GLOVERSVILLE – It’s been three years since the passage of the Healthy, Hunger-Free Kids Act of 2010, but many of the federal nutrition rules for school lunch and breakfast programs still are in flux. Local school districts and their students are adapting to the latest regulations – and looking ahead to next year’s changes – as the nationwide battle against childhood obesity continues.
“We’ve been working through this the last couple of years,” said Teal Carpenter, nutrition director for the Gloversville Enlarged School District and the Greater Johnstown School District. She also oversees aspects of food service for several other districts in the BOCES region. The Glove Cities districts’ food-service programs are managed jointly by Carpenter under the auspices of the Hamilton-Fulton-Montgomery Board of Cooperative Educational Services.
Carpenter said lawmakers’ goal for the Healthy, Hunger-Free Kids Act was to ensure meals provided to children at school provide a healthy counterbalance to the fast food and junk food so prevalent outside of school.
“They said, ‘There’s such an obesity epidemic in this country, school meals should be doing everything they can to eliminate obesity,'” Carpenter said. “I won’t get on my soap box, but when the 5-year-old comes in [to kindergarten] who already knows McDonald’s and Burger King, and he should weigh 45 pounds but weighs 90, school lunch didn’t do that.”
The federal law calls for leaner meats, more whole grains, more fruits and vegetables and reduced calorie counts, fat and sodium. The guidelines differ for three age groups: kindergarten through grade five, grades six through eight, and grades nine through 12.
Initially, the government had placed limits on the weekly number of servings of grains and meat, which caused “a little bit of an uproar,” Carpenter said, but the law allows for a process of comment, review and revision for specific regulations.
“Now there’s no limit on the number of servings of meat or grains, as long as you stay within the calorie ranges and [all the foods are] lower than 10 percent saturated fat,” she said.

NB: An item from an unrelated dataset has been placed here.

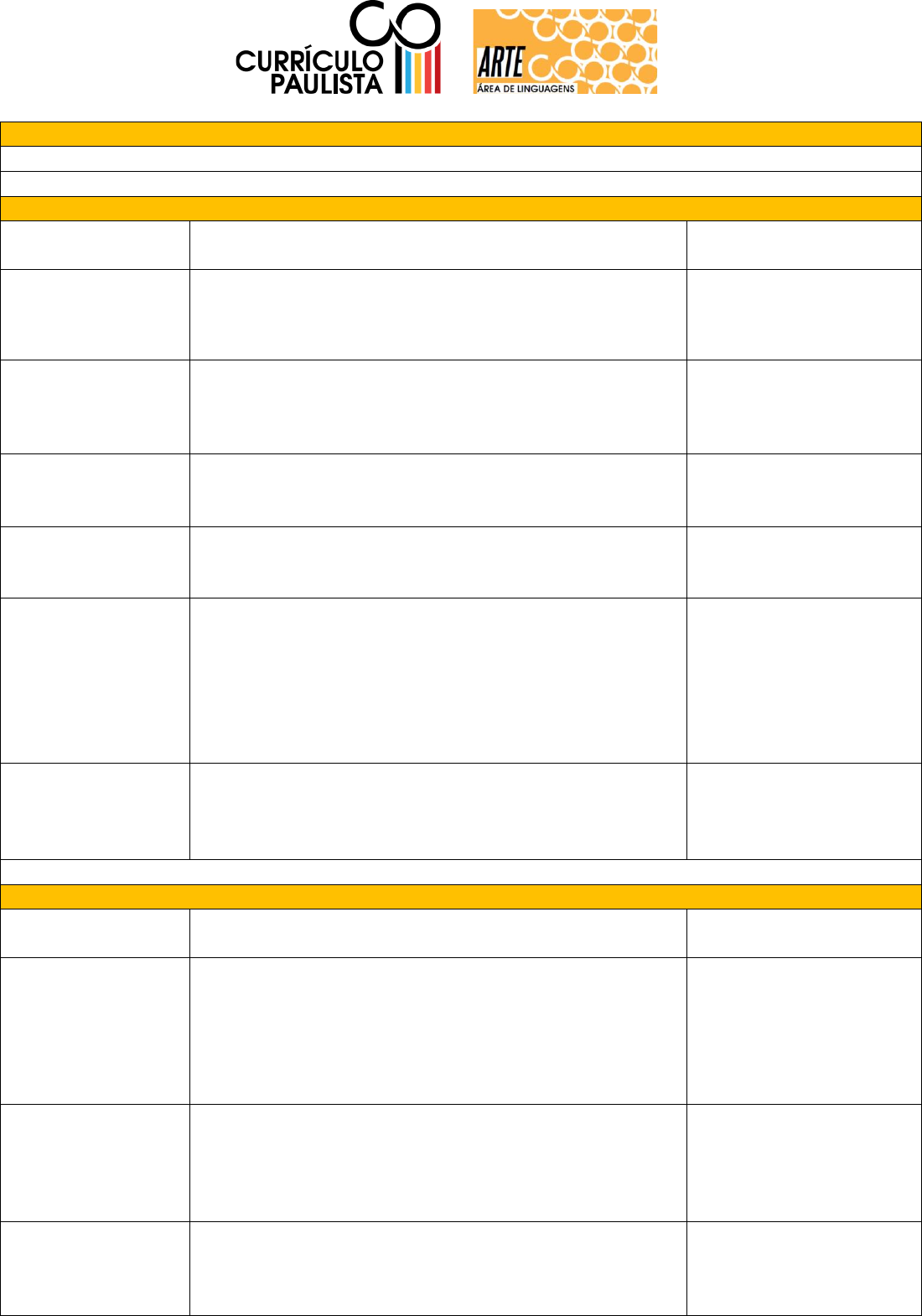 ARTE 1º ANO - ENSINO FUNDAMENTAL 1º BIMESTRE LINGUAGENS HABILIDADES OBJETOS DE CONHECIMENTO Música (EF01AR13) Experimentar, identificar e apreciar músicas brasileiras próprias do universo infantil, inclusive aquelas presentes em seu cotidiano. Contextos e Práticas Música (EF01AR17) Apreciar e experimentar sonorização de histórias, utilizando vozes, sons corporais e/ou instrumentos musicais convencionais ou não convencionais. Processos de criação Habilidade Articuladora (EF15AR23) Reconhecer e experimentar, em projetos temáticos, as relações processuais entre diversas linguagens artísticas. Processos de criação Habilidade Articuladora (EF15AR24) Caracterizar e experimentar brinquedos, brincadeiras, jogos, danças, canções e histórias de diferentes matrizes estéticas e culturais. Matrizes estéticas e culturais Habilidade Articuladora (EF15AR25) Conhecer e valorizar o patrimônio cultural, material e imaterial, de culturas diversas, em especial a brasileira, incluindo-se suas matrizes indígenas, africanas e europeias, de diferentes épocas, favorecendo a construção de vocabulário e repertório relativos às diferentes linguagens artísticas. Patrimônio cultural Habilidade Articuladora (EF15AR26) Explorar diferentes tecnologias e recursos digitais (multimeios, animações, jogos eletrônicos, gravações em áudio e vídeo, fotografia, softwares etc.) nos processos de criação artística. Arte e tecnologia 2º BIMESTRE LINGUAGENS HABILIDADES OBJETOS DE CONHECIMENTO Dança (EF01AR08) Experimentar, identificar e apreciar formas distintas de manifestações da dança presentes em seu cotidiano (rodas cantadas, brincadeiras rítmicas e expressivas), cultivando a percepção, o imaginário, a capacidade de simbolizar e o repertório corporal. Contextos e práticas Dança (EF01AR10) Experimentar diferentes formas de orientação no espaço (deslocamentos, planos, direções, caminhos etc.) e ritmos de movimento (lento, moderado e rápido) na construção do movimento dançado. Elementos da linguagem Dança (EF01AR12) Dialogar, com respeito e sem preconceito, sobre as experiências pessoais e coletivas em dança vivenciadas na escola, como fonte para a construção de vocabulários e repertórios Processos de criação próprios. Habilidade Articuladora (EF15AR23) Reconhecer e experimentar, em projetos temáticos, as relações processuais entre diversas linguagens artísticas. Processos de criação Habilidade Articuladora (EF15AR24) Caracterizar e experimentar brinquedos, brincadeiras, jogos, danças, canções e histórias de diferentes matrizes estéticas e culturais. Matrizes estéticas e culturais Habilidade Articuladora (EF15AR25) Conhecer e valorizar o patrimônio cultural, material e imaterial, de culturas diversas, em especial a brasileira, incluindo-se suas matrizes indígenas, africanas e europeias, de diferentes épocas, favorecendo a construção de vocabulário e repertório relativos às diferentes linguagens artísticas. Patrimônio cultural Habilidade Articuladora (EF15AR26) Explorar diferentes tecnologias e recursos digitais (multimeios, animações, jogos eletrônicos, gravações em áudio e vídeo, fotografia, softwares etc.) nos processos de criação artística. Arte e tecnologia 3º BIMESTRE LINGUAGENS HABILIDADES OBJETOS DE CONHECIMENTO Teatro (EF01AR18) Reconhecer e apreciar histórias dramatizadas e outras formas de manifestação teatral presentes em seu cotidiano (inclusive as veiculadas em diferentes mídias, como TV e internet, e em espaços públicos), cultivando a percepção, o imaginário, a capacidade de simbolizar e o repertório ficcional. Contextos e práticas Teatro (EF01AR21) Exercitar a improvisação e o faz de conta, ressignificando objetos e fatos e experimentando-se no lugar do outro. Processos de criação Habilidade Articuladora (EF15AR23) Reconhecer e experimentar, em projetos temáticos, as relações processuais entre diversas linguagens artísticas. Processos de criação Habilidade Articuladora (EF15AR24) Caracterizar e experimentar brinquedos, brincadeiras, jogos, danças, canções e histórias de diferentes matrizes estéticas e culturais. Matrizes estéticas e culturais Habilidade Articuladora (EF15AR25) Conhecer e valorizar o patrimônio cultural, material e imaterial, de culturas diversas, em especial a brasileira, incluindo-se suas matrizes indígenas, africanas e europeias, de diferentes épocas, favorecendo a construção de vocabulário e repertório relativos às diferentes linguagens artísticas. Patrimônio cultural Habilidade Articuladora (EF15AR26) Explorar diferentes tecnologias e recursos digitais (multimeios, animações, jogos eletrônicos, gravações em áudio e vídeo, fotografia, softwares etc.) nos processos de criação artística. Arte e tecnologia 4º BIMESTRE LINGUAGENS HABILIDADES OBJETOS DE CONHECIMENTO Artes visuais (EF01AR01) Identificar e apreciar desenho, pintura, modelagem e colagem como modalidades das artes visuais, cultivando a percepção, o imaginário, a capacidade de simbolizar e o repertório imagético. Contextos e práticas Artes visuais (EF01AR04) Experimentar desenho, pintura, modelagem e colagem por meio de técnicas convencionais e não convencionais, fazendo uso sustentável de materiais e instrumentos. Materialidades Habilidade Articuladora (EF15AR23) Reconhecer e experimentar, em projetos temáticos, as relações processuais entre diversas linguagens artísticas. Processos de criação Habilidade Articuladora (EF15AR24) Caracterizar e experimentar brinquedos, brincadeiras, jogos, danças, canções e histórias de diferentes matrizes estéticas e culturais. Matrizes estéticas e culturais Habilidade Articuladora (EF15AR25) Conhecer e valorizar o patrimônio cultural, material e imaterial, de culturas diversas, em especial a brasileira, incluindo-se suas matrizes indígenas, africanas e europeias, de diferentes épocas, favorecendo a construção de vocabulário e

The new regulations for the 2013-14 school apply mostly to school breakfast menus, bringing them in line with the regulations – such as calorie counts – already in effect for lunch.
This month’s lunch and breakfast menus in the Gloversville schools include a few items that would have been unheard of a generation ago, such as whole-grain waffles and grilled chicken on a bed of romaine lettuce.
“But we’re still giving kids the things they like – like the chicken nuggets,” Carpenter said. “We’re still giving them pizza, but now it’s on a whole-grain crust, with reduced-fat cheese on it.”
At lunchtime on Thursday at Gloversville Middle School, items on the menu included brown rice, chicken nuggets and potato puffs.
“It was not the most colorful plate today, but they love it,” Carpenter said, noting the chicken nuggets are much healthier than the fast-food equivalent.
Some seventh-graders who spoke with a reporter said Thursday’s lunch wasn’t so bad.
“These chicken nuggets are better than McDonald’s,” according to Harmony Philo, who said her least favorite lunch entree is the dreaded grilled cheese sandwich: “It’s burnt and disgusting.”
Classmate Frank Sweet agreed the nuggets are tasty, and he recommends the “ribwiches” and tuna-fish sandwiches.
“But the cheeseburgers taste like plastic,” he warned.
The school day at GMS starts around 8 a.m., so depending on which of the three lunch periods they attend, students wait up to four and a half hours for their midday meal.
“We have a really, really late lunch, so we’re really hungry anyway,” said Philo.
Several students wearing their maroon-and-white soccer uniforms said they wish the school lunches could be more filling.
“The tacos they gave us yesterday were good, but I think they could have given us more,” said Danny Helou, also a seventh-grader.
The rules don’t allow a student to take a second helping of tacos, but Carpenter said they do allow students to take an extra piece of fruit.
And students pointed out an ice-cream machine in the cafeteria offers calorie-packed treats for those with a sweet tooth and money to spend. By next September, however, the contents of that machine could change, as the U.S. Department of Agriculture’s new “Smart Snacks in School” rules are set to take effect, limiting what can be sold in school vending machines to nutritional snacks that are low in fat, sugar, and sodium.
Going through the lunch line in the cafeteria, each student is required to take a fruit or a vegetable. On Thursday, students ate apples, oranges and bananas along with their chicken nuggets, potato puffs and low-fat milk. Many said their parents insist they eat right at home, too, so the emphasis on nutrition at school isn’t a big deal.
“It keeps me healthy,” said Sweet, shrugging his shoulders as he crunched into an apple.